Showing posts with label exercise. Show all posts
Showing posts with label exercise. Show all posts

Monday, August 17, 2009

Personal Trainer

One of the nice things about my daughter is that she makes a great personal trainer. Just the other night, as I was attempting to read her a bedtime story, she turned to me and said, “Why don’t I color instead, and you can do some exercises?” She wasn’t content until I agreed to do my long-forgotten abs routine right there on her bedroom floor. When my stomach muscles started burning and I paused for a moment to rest, she looked up from her coloring with a stern expression and said, “Why are you stopping?” I had been planning to quit, but not liking the feeling of being judged and found lacking by a four-year-old, I started right back up. I kept at it until she pronounced both of us done, put away her coloring, and gave me a kiss goodnight.

I remember a time when I was little and my mother put me in charge of her diet. It was my job, as the kid with no interest whatsoever in food, to serve her reasonable portions and put away the rest of the dinner before she could go back for seconds. At the time I thought it was fun, despite being an added chore to my day, sort of taking on the parent role for a few precious moments each day. But now I get it on a deeper level. Moms have this way of holding themselves even more accountable when looking at themselves through their children’s eyes. After all, we aren’t just caregivers, we’re role models. Sure, it may just be a few crunches you hadn’t planned to do that day, but even still, why quit if you don’t really have to? I’d like her to grow up thinking of exercise as a normal part of any day. And thinking that you don’t quit just because you start getting a little tired.

Thursday, June 04, 2009

Yoga Kids

I’ve been trying to get back into doing yoga regularly, much to the joy of my kids. I love how excited they get at the sight of me putting the Rodney Yee DVD into the player. They scurry around, kicking toys out of the way, clearing a space for the three of us, chanting “Yoga! Yoga!” Do other kids do this?

They’re actually ridiculously good yogis. The way they carefully adjust each pose until it matches mine, then put me to shame by folding themselves effortlessly in half without things like bones or joints seeming to get in the way. They get bored with the simple poses, and start throwing their own complications into it, standing on one foot while balancing a toy in one hand while waving their other arm around in circles (a la Cat in the Hat, before he falls off the ball).

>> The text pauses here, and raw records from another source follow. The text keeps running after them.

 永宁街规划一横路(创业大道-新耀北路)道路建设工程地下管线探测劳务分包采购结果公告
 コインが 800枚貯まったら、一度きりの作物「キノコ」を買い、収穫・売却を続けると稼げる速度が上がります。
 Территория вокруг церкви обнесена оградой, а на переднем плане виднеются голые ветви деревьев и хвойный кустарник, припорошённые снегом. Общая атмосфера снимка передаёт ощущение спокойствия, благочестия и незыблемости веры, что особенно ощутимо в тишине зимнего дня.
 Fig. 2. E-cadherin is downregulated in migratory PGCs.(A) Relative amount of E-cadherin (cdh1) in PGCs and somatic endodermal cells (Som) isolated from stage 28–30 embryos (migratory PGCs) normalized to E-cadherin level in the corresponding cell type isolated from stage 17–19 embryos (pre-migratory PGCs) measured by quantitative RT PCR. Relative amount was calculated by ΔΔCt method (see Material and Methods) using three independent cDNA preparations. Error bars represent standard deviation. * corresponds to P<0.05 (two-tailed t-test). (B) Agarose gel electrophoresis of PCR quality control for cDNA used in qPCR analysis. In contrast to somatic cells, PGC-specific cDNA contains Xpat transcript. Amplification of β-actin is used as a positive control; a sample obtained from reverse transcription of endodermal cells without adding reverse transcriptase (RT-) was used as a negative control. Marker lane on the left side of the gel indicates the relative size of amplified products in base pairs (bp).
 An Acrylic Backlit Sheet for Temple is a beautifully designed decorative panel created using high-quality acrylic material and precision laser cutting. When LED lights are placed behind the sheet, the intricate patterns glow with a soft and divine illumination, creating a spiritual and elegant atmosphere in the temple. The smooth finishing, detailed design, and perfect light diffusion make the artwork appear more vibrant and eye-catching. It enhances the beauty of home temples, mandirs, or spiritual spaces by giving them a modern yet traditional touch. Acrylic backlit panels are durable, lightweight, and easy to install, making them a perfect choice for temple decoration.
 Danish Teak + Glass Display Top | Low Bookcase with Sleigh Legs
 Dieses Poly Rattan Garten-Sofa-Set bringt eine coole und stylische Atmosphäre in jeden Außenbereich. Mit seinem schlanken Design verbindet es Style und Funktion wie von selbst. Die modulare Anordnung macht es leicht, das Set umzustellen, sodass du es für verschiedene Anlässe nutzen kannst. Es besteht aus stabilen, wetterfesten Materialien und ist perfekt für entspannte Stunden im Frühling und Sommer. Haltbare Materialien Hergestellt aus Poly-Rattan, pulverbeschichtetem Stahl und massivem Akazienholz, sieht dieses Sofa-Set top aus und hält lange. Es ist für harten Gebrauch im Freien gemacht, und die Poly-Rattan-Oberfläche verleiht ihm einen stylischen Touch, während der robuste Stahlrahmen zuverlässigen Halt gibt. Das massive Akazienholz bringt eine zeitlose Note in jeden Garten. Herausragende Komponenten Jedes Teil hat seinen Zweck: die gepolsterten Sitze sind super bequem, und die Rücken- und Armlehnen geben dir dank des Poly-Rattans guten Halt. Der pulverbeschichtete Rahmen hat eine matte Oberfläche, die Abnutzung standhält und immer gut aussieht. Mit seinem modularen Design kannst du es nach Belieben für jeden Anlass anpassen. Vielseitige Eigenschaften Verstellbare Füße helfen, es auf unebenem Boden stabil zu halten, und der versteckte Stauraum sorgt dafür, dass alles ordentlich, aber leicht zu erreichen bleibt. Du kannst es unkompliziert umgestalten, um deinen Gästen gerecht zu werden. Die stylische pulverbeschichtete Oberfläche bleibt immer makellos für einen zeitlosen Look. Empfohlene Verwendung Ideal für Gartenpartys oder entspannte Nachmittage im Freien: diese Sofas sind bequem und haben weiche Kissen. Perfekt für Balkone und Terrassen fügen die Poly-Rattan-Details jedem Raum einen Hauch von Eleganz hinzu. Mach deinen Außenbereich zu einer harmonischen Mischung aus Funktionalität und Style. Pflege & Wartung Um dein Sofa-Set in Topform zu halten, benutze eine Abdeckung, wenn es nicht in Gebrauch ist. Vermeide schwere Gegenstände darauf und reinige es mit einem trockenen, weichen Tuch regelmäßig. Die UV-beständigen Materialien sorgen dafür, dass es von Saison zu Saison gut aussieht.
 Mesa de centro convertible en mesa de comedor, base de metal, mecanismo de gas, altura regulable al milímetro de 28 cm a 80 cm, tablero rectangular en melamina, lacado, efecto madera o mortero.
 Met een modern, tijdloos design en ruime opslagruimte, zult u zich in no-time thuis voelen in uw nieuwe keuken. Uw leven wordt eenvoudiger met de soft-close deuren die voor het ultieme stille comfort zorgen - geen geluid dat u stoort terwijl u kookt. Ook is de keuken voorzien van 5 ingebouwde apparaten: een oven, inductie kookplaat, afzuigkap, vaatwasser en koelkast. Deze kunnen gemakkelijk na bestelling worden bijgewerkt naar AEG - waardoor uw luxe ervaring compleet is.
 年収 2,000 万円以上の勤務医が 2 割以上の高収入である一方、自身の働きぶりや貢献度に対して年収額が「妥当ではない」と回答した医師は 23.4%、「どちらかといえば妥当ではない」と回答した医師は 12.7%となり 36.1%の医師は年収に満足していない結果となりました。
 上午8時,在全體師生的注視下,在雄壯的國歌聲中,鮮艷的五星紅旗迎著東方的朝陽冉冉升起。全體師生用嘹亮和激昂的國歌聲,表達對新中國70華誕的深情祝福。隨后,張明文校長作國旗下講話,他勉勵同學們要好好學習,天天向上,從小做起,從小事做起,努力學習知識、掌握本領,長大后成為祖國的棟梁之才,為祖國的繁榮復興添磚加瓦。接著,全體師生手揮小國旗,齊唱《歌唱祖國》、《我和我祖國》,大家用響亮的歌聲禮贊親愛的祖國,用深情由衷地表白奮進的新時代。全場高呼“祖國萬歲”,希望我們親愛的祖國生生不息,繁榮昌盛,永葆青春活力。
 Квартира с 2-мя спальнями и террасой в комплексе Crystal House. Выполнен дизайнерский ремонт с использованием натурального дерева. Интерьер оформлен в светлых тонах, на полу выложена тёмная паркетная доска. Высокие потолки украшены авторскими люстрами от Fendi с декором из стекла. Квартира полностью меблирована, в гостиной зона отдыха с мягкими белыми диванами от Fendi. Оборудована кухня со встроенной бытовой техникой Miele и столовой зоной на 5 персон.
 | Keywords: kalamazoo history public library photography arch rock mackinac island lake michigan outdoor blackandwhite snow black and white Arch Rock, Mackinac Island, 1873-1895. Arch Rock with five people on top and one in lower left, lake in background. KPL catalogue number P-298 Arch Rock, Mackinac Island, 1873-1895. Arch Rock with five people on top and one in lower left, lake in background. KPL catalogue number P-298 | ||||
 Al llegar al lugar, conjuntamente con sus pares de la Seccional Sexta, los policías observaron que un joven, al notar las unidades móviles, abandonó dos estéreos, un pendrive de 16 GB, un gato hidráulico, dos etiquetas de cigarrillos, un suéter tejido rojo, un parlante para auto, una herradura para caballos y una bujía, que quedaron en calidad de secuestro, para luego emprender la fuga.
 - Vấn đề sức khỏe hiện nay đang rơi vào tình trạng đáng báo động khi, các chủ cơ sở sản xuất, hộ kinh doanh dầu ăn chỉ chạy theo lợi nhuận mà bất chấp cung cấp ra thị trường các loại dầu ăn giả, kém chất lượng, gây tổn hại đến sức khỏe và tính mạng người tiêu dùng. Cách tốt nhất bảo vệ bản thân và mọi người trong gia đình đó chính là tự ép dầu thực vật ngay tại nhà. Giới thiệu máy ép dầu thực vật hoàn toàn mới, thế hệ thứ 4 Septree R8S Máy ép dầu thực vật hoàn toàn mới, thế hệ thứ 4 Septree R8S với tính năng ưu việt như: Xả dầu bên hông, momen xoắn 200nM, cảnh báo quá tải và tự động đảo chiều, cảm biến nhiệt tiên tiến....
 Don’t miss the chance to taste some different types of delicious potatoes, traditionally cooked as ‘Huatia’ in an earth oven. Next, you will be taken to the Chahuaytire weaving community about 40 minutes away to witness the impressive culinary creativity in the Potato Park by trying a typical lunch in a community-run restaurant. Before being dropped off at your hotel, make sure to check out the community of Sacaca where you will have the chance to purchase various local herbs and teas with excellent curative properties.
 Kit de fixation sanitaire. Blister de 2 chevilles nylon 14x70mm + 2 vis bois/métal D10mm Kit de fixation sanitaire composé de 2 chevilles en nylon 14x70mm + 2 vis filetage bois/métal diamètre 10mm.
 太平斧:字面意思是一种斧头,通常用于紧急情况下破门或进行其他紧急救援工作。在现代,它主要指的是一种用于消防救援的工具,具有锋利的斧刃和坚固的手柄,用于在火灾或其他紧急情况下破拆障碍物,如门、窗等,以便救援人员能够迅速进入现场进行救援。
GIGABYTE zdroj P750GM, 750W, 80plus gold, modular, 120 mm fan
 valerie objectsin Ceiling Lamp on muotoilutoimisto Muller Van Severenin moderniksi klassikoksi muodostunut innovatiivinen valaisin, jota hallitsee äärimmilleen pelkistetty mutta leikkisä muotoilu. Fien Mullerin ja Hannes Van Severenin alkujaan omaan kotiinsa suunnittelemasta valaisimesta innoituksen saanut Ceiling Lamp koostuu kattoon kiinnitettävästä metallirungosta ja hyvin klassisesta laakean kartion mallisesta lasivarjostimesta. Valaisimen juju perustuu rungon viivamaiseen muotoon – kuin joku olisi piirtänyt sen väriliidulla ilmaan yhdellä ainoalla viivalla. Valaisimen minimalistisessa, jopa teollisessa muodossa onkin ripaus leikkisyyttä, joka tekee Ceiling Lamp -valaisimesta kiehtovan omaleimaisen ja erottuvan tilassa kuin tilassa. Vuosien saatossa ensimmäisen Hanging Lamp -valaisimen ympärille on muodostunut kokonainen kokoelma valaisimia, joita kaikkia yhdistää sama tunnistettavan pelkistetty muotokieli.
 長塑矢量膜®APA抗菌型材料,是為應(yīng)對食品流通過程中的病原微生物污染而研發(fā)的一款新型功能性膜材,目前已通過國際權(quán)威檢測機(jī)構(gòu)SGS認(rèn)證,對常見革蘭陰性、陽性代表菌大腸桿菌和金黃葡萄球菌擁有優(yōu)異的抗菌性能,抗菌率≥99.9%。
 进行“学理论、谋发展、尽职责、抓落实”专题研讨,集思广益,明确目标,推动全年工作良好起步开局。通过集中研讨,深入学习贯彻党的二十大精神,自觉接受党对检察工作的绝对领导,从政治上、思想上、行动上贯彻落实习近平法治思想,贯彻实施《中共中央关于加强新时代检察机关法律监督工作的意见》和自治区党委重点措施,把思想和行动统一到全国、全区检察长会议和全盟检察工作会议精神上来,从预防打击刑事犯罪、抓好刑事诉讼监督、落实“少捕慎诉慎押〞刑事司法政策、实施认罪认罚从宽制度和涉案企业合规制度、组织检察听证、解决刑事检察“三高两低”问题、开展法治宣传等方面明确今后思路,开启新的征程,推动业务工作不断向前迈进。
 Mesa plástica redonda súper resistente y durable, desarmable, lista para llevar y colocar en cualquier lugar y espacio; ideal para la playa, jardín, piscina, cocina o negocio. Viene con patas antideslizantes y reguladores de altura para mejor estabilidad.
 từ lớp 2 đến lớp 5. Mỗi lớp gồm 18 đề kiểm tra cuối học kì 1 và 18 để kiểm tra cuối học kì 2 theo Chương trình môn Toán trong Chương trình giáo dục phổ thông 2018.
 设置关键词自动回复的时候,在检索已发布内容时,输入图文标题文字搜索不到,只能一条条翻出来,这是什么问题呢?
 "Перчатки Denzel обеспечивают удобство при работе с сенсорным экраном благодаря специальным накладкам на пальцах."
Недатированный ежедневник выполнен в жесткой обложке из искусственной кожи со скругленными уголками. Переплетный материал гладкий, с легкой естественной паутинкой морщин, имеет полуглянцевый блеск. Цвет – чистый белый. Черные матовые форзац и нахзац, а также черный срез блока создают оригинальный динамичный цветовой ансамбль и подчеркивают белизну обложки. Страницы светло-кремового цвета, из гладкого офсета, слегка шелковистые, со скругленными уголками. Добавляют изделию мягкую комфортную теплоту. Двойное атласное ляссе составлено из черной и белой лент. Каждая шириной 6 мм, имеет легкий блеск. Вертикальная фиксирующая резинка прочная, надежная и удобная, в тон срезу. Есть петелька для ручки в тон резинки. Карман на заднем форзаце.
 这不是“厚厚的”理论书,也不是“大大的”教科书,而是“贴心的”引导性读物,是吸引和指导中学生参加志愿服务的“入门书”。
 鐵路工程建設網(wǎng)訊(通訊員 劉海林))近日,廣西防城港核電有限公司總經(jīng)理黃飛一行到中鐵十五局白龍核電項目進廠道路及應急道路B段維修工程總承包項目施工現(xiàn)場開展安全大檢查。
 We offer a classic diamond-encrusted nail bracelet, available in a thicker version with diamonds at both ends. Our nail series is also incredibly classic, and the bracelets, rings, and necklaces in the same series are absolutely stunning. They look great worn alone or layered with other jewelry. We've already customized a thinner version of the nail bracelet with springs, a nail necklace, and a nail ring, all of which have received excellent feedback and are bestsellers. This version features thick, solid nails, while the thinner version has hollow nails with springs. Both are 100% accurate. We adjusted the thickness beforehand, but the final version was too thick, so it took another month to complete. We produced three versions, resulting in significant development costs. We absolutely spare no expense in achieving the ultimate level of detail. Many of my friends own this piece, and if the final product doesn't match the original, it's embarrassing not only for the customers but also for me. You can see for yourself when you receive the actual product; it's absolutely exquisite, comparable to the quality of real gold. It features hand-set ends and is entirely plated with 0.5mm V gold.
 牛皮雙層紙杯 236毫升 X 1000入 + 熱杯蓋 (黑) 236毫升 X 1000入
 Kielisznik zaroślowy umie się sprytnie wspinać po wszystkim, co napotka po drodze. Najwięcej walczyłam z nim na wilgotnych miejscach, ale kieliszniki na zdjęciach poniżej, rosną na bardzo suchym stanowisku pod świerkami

At some point it always devolves into contact yoga, with me fighting to maintain a warrior II pose, with a kid hanging from each arm, or doing downward dog while the girls see how many times they can crawl beneath me before I change poses.

Sometimes after we’re done I feel extremely exercised, without feeling particularly relaxed, which isn’t really the point of yoga, and I’ll decide that next time I’ll wait until the kids are napping to do yoga. But when, a few days later, the girls are flipping through their vast DVD collection, trying to decide between an early Disney classic or modern Pixar favorite, and stumble across the yoga DVD and turn to me and say, “Mommy, can we do yoga instead?” how can I possibly say no?

Thursday, April 30, 2009

Getting Back in Shape

My father has invested in an exercise machine called the ROM. While their price ($14k) might make you think ROM stands for “Ridiculously Overpriced Machine” it actually means “Range of Motion." The ROM claims to work your entire body in two 4-minute workouts. Now, if I hadn’t watched my father’s body slowly transform into the body he had 20 years ago, exclusively through the use of this machine, I’d be as skeptical as you are now.

My post-baby workout consisted of practicing yoga once or twice a week, occasional hikes with the dog, and that everyday stuff of toting around a 10 or 20 pound child while making 50 trips a day up and down the stairs in our house. I thought it was a pretty good workout. Until I was carrying 20 and 25 pound kids around, and regularly hurting my back doing it.

I decided to give the ROM a try. My dad’s house isn’t far from mine, so on my bi-weekly breaks I worked in a trip over there for a 4-minute workout. It’s hard to argue you just don’t have that kind of time in a day. You’re supposed to alternate between the upper body workout one day, which is like a rowing machine, and the lower body workout, which is like a stair-stepper, the next day. Since I was only working out twice a week, I worked up to doing both upper and lower body workouts every Tuesday and Thursday. This had the added benefit of making me feel too ill to eat for a good hour afterward, sort of a built-in diet.

I have to admit, even with this abbreviated version of the mini-workout, I’ve been very happy with the results. In just a few months I’d slimmed down while putting on muscle, most visibly in my upper arms and thighs. I can now haul my kids around without straining my back, and most of the post-pregnancy flab is gone. But most importantly, I'm the strongest I've ever been. As a little person who hates being seen as a weakling, it gives me immense satisfaction to be able to haul heavy things around without any help.

Every time I think of skipping my workout, I calculate exactly what I hope to accomplish in my 2-3 hour break, and have a hard time convincing myself I don't have 4-8 minutes to spare. And then I think of the roughhousing I'm able to do with my kids now that I'm strong enough not to hurt myself, and I find my car steering itself toward my dad's house.